Now the players send method…all of the data makes it to the queue, I always get login and logout data
and all movement pakcets and the profile packet with text and numbers for the ‘character sheet’ BUT no chat messages ever make it to the player
and the rare ones that do…its all gibberish and garbage characters


public synchronized void addDataToQueue(ByteBuffer b) {
	if(dataQueue == null){
		dataQueue = new LinkedList<ByteBuffer>();
	}
	dataQueue.add(b);
}

public synchronized void send() {
	for(int i=0;i<dataQueue.size();i++) {
		ByteBuffer b = dataQueue.poll();
		if(b == null)
			return;
		try {
			if(b.getInt() == Constants.MSG_CHAT) {
				System.out.println("Sending chat to player"); // i see this on server
			}
			b.rewind();
			client.write(b);
		}
		catch(Exception ioe) {

		}
	}
	return;
}

Everything except chat comes to the players receive method!
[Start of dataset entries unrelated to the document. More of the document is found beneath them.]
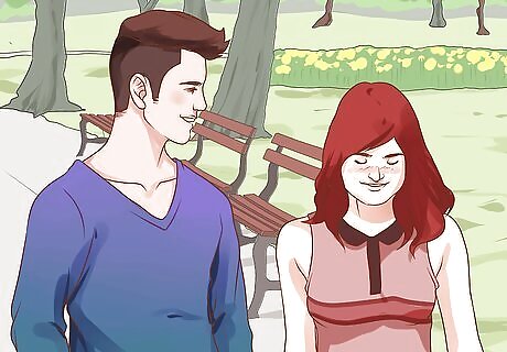 Smile. There has been an incredible amount of research put into the act of smiling. Suffice to say, whether or not you think you have a brilliant smile, there are few better ways to attract positive attention. When a girl smiles at a guy, it can also be construed as flirtatious. Smiling doesn't come naturally to everyone. If this is the case, practicing in your own time can go a long way. Smiling is also a great way to signal someone to approach you if that's what you want.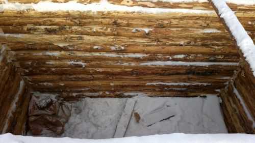 - Делается потолок погреба. Для этого устанавливаются жерди, затем их покрывают смесью из соломы и глины, а сверху все засыпается землей.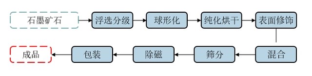 石墨初加工是以石墨精矿为原料,经过不太复杂的物理或化学方法制备的、需要再加工才可以作为材料应用的加工过程。石墨初加工产品包括高碳石墨(不包括选矿得到的高碳石墨)、高纯石墨、可膨胀石墨、球形石墨、炼钢增碳剂等。石墨深加工是以石墨精矿或者初加工产品为原料,经过较复杂工艺制备的,为终端设备、器件、工艺等提供材料的加工过程。

the players client class extends thread and has an onReceive as well and in the switch statement I have the following among other thins


	case Constants.MSG_CHAT:
		// get channel id then create mesage

		// this is the text of the message
		line = jenn_toString(message);
		System.out.println("Got chat from server: " + line); // never see this
		Manager.getHUD().getChatPanel().addMsg(line);
		break;

I really need to look at this in mreo detail BUT…

I notice you synchronize b during the rewind and then put it in a queue and go on.
A few quesions…

(a) You put it on the queue outside of the syncrhonize. Is anyoene lse messign with b such that it coudl get changed between when you rewind and when it gets on the queue?

(b) Whats on the queue? Just a pointer to b? If so, could anyone else be messing with it while ist sittign on the queue?

Basically I dont udnerstand why .rewind() is synchronized and nothing else is…

Honestly, it is done that way because I found some sample code that did that. But…as for anything messing with b after the fact, it shouldn’t…It is passed to the method, then into the Queue. Nothing should need to mess with it again.

Okay let me read it over when Im awake (tomorrow) and see what OI can spot!

Thanks!! I can post the source on my site if need be.

doh! made a few changes, ran some test and still cant get the chat portion! What a freaky deaky!! LOL

Let me see if I can explain this right…I just noticed in my code that the server always gets set to 127.0.0.1 and port# ###.
The client is looking for ip 68.12.#.# same port. Obviously this explains why a local user always does well. Could this account for the chat portion not working with connecting from an external source(thru nat router), even though other portions do?

Turns out my setIP() method was not setting the ip and still using the InetSocketAddress§ creator.

Think I found it. I am updateing a LinkedList queue fomr my servermanager for moves every som many seconds. This same queue gets chat messages, since they are all ByteBuffers. While testing some other things, I turned off the move updater and voila, my chat works. Why this works all the time locally and never remotely is still a mystery, but at least I can look for other ways of sending moves.